Content warning: This story contains descriptions of violence and references to sexual assault.

Even with duct tape wrapped tightly around their faces, Jonte Gilmore and the woman he was seeing managed to whisper their ideas for escaping the basement bedroom of the West Baltimore apartment where they were being held captive.

The attacker who Gilmore says bound them and sexually assaulted the woman moments earlier had left the room, giving them their first opportunity to talk. The woman recognized their attacker as a maintenance man she saw cutting the grass, a detail Gilmore urged her to keep quiet.

“Are we going to die?” she asked Gilmore. The 26-year-old told her not to think like that and asked her to feel around for one of their cellphones in hopes of triggering the SOS function. She remembered a pair of scissors tucked in a drawer near her bed.

The Baltimore Banner thanks its sponsors. Become one.

Their assailant returned just as the woman was cutting Gilmore loose from his binds.

“Didn’t I tell you I don’t have nothing to lose?” the man said, pressing a gun against Gilmore once again.

Federal and local authorities have since apprehended Jason Dean Billingsley, the registered sex offender they say is responsible for the Sept. 19 rape and arson that hospitalized Gilmore and the woman — as well as the recent killing of Baltimore tech entrepreneur Pava LaPere in the Mount Vernon neighborhood. Billingsley, 32, was taken into custody around 11 p.m. Wednesday evening at a train station in Bowie, ending a dayslong manhunt that has deeply unsettled the Baltimore-area community and gotten national attention.

At the heart of the case is a dispute that weighs the public’s right to know when a violent crime has taken place against investigative efforts to bring the suspect into custody. Baltimore Police have defended their decision to withhold information about the Edmondson Avenue attack until after they say the suspect was implicated in another crime.
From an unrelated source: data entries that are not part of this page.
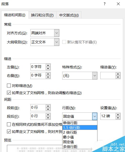 在"段落"设置页面内有"行距"一栏,单击下拉选单选中"1.5倍行距"(默认未单倍行距),当然你可以根据自己的实际需求进行设置修改,如"2倍行距",或者使用"固定值"设置自定义的行距即可,具体要根据自己Word文档的情况而定。小编在这里提醒,行距的设置尽量保证全文一致,否则看起来会非常别扭。
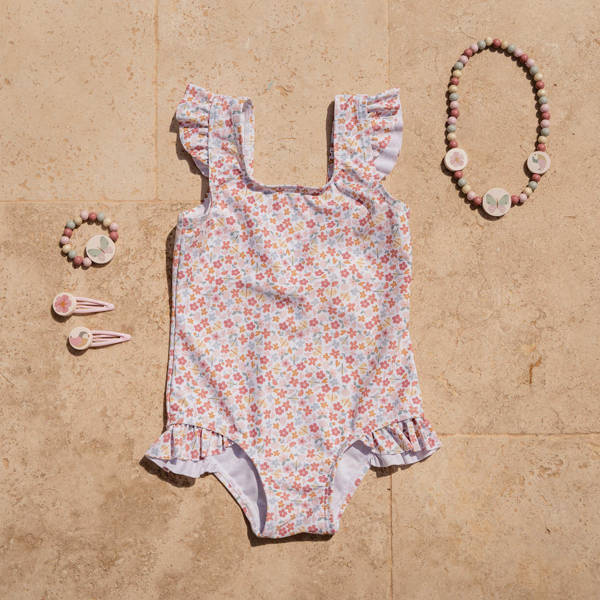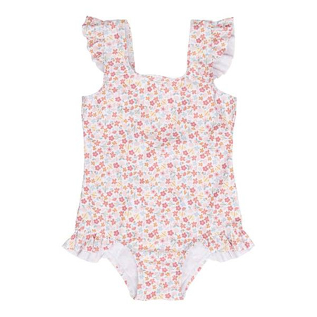 Kostium kąpielowy Multicolor od Little Dutch z kolekcji Summer Flowers. Kostium jest bardzo wygodny, mięciutki i zapewnia pełną swobodę podczas aktywności w wodzie czy na plaży. Sprawdzi się idealnie na basenie, na plaży lub podczas wakacyjnych zabaw w piasku. Posiada zalotne falbanki, które dodają mu uroku. Wykonany z materiału, który blokuje przenikanie promieni UV.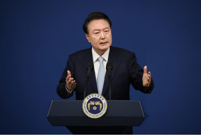 2024 年 8 月 29 日,韓國總統尹錫烈在首爾總統府舉行的新聞發布會上就國事發表講話。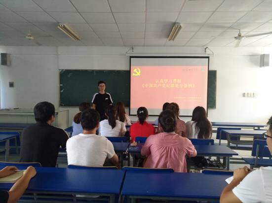 9月19日上午,自然人文研究生党支部全体成员在公司实验楼201教室集体学习新修订的《中国共产党纪律处分条例》,本次学习会由自然人文研究生党支部书记解进飞主持并领学。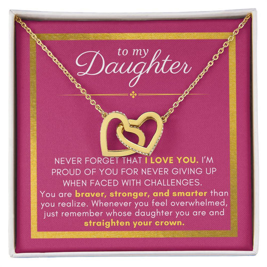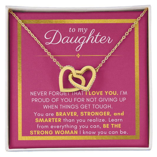 Gift For Daughter, Braver Stronger Smarter, Interlock Heart Pendant Necklace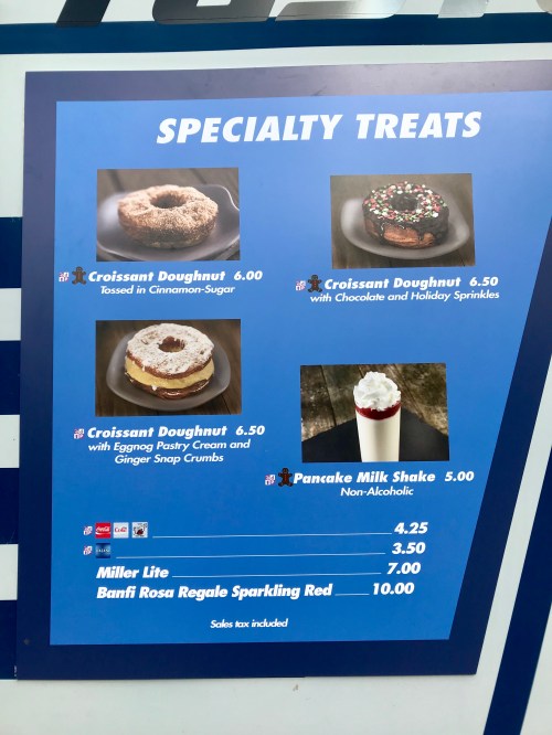 We fit in a lot of rides first thing in the morning while the lines were short. I skipped breakfast in anticipation of all the food, but the two things that were calling to me were closed (see pic of croissant doughnuts below – and yes, I was totally going to get that pancake milkshake, too) or completely out (boo, refreshment port and your lack of stuffed salted caramel pretzels!).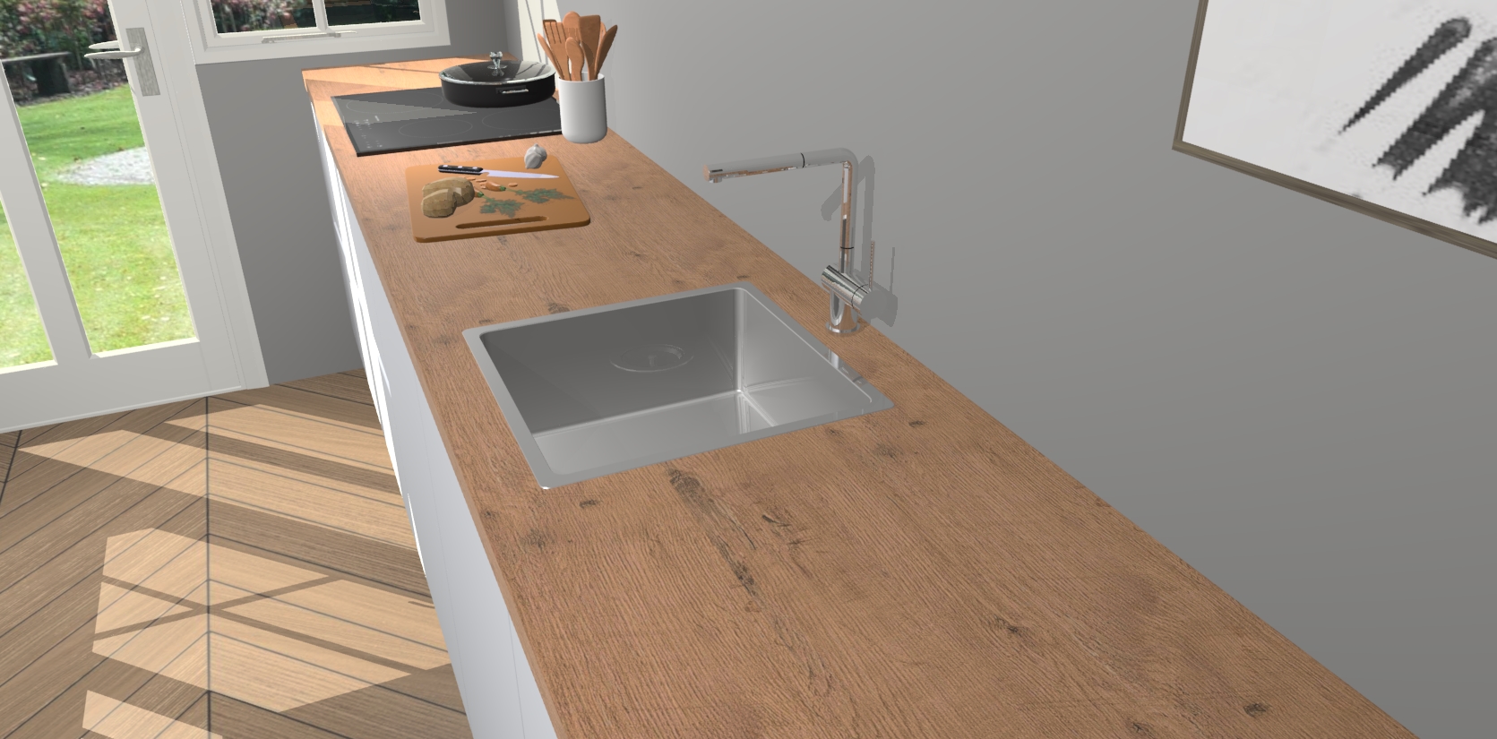 - Bij een hoekwerkblad zijn de hoeken in gevreesd en op maat gemaakt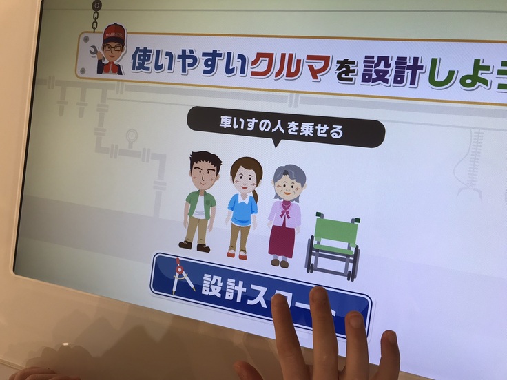 参加した小学生の子どもたちが最も熱中していたのは、4階の体験型展示の中にある「軽自動車を設計してみよう!」というコーナーでした。エンジン、燃料タンク、シートなどの種類を選んで適切な場所に配置するのですが、初めてやってみると大人にとっても意外と難しいです。「車いすの人を乗せる」といった用途に合わせて設計できると高得点になるなど、ゲーム感覚で何度も楽しめました。

Police initially reported the Sept. 19 incident as an “arson investigation” in which two victims were found suffering from “multiple injuries.”

The Baltimore Banner thanks its sponsors. Become one.

There was no mention of a rape or assault, and a spokesperson declined to confirm a reporter’s questions at the time about whether the victims had been bound.

On Thursday, acting Police Commissioner Richard Worley confirmed Billingsley worked at the Edmondson Avenue building and did not break in.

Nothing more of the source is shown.